The feed will need to be weather proofed. The balun section in particular must be kept clean and dry, any dielectric material (heatshrink,epoxy etc) placed on the balun will greatly upset the VSWR. The best solution is to enclose the entire feed within a 50mm sealed plastic pipe which also can form a convenient mounting rod. This will not affect the RF performance.

As built, the feed is optimal for f/D = 0.35 Dishes, for deeper dishes, increasing the pitch of the helix will broaden the illumination cone. The focus of the dish should be set to the junction between the balun and the helix – see my 23cm EME Helix feed  page for more details.

IMPORTANT – Helix winding sense, LH or RH ?

The feed has been extensively bench tested (6 prototypes)  but since Es’Hail has yet to fire up, there may be a few changes to this page before I can finalize the design.

Descriptions given relating winding sense to left and right hand circular are often ambiguous, I am not certain I have the winding sense correct for the helix shown above and suggest waiting till it can be confirmed on air or perhaps build both a RH and a LH version, with a bit of practice it only takes 30 minutes to make one.

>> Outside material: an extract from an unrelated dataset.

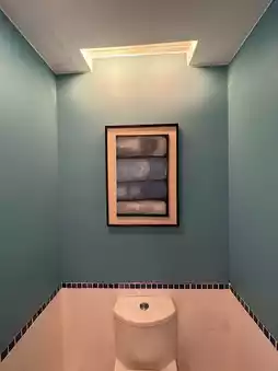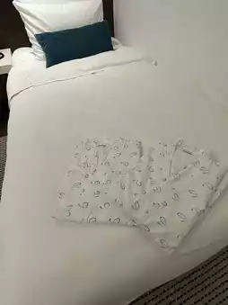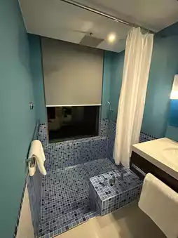 The ocean view rooms feature a spacious bathtub and a calming design with a light blue color scheme! When you open the curtains, you can enjoy the ocean view from the room!

Hope to see you on Es’hail soon,     73’s     …….Graham, G8HAJ

——————— Additional information added 30/1/2019 ———


I do not have a proper RF test range and it’s far too cold to do the measurements outside, however the following may at least give an indicator of performance :-

Transmission tests :-

Gain – a pair of feeds were compared to a pair of dipoles at the same separation, the feeds giving around 5 dB more signal. Thus the feed has a gain of around +2.5dBd (or 4.5dBi).

Circularity –  One feed was axially rotated through 360 deg relative to the other, no significant variation in signal strength was seen, ie.  there was no nulling and the level remained constant within 1dB, ie. the polarization circularity appears to be good.

Beamwidth tests :-

hard to measure accurately in a reflective environment, however the following estimates were obtained by stretching / compressing the helix to different lengths :-

helix length – 7cm,   -6dB beamwidth of around 140 deg ( good for f/D rations 0.35 to 0.4)

helix length – 10cm,  -6dB beamwidth of around 160 deg (good for f/D rations 0.3 to 0.35)

helix length – 13cm,  -6dB beamwidth of around 180 deg (good for f/D ratios 0.25 (focal plane dishes) to 0.3)

-6dB in beamwidth corresponds  to a -10dB edge illumination (max gain) since there is an additional -4dB spreading loss to the edge at these low f/D ratios.

It was not possible to obtain any reliable indication of side/back lobe levels due to signal reflections in the room.

Important – Winding sense update

After posting details on the Amsat-dl forum, I received the very useful suggestion from Remco PA3FYM, that since my 23cm helix works well for EME receive which is LHCP  and it is LH tread wound , Es’hail, which requires RHCP, should be right hand thread wound (obvious really – just didn’t think of it). So it appears all the above photos have the wrong winding sense and a right hand thread wound helix should be correct for Es’hail – Thanks Remco.